The strategies that each person uses to enable them to ask for help will be different but some thoughts I’ve had include:

  • Remind yourself that all humans are are interdependent. We sometimes need support and sometimes we need to support others.
  • If someone offers assistance either around a specific incident or a broader, more open-ended offer then it is OK to accept it if you wish to
  • If you need to seek assistance from a professional who is not a friend or family member (support worker, crisis team,  police officer etc) remind yourself that this person’s job is to assist you and others who are in need of support. Be aware of your rights and responsibilities with these sorts of supports as they occupy a more formal arrangement with set boundaries and parameters. You may need to advocate  for yourself or have a family member, your partner or a trusted friend advocate for you as a lot of these services could benefit from a fair about of training and education on autism.

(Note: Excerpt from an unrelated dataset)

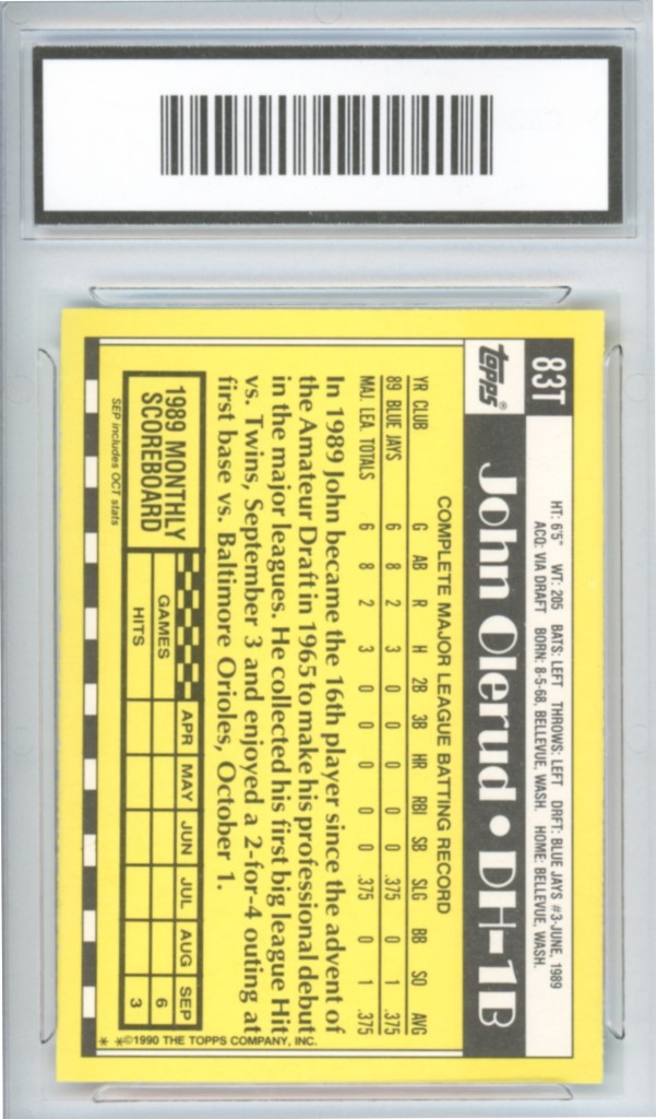 1990 Topps Traded John Olerud Rookie Toronto Blue Jays Baseball Card #83T – GMA Professional Graded 10 Gem MT

  • If you had a bad experience of seeking help from professionals in the past, be aware that this doesn’t necessarily mean you will have the same issue in the future, even with the same kind of service. However, it is wise to keep this in mind because at this point in history there is still a lot of unhelpful ‘help’ and misunderstandings with some service providers
  • Remind yourself that accessing help from someone – a family member, your partner if you have one, a friend or a professional – is likely to result in helping address your issues even if only in a small or incremental way. Even if it is hard to ask for help it can be really useful.
  • Be aware that people often like to support and help others. You asking them of help does not need to be an imposition on them. Imagine if it was your friend asking for help. You would probably want to assist them.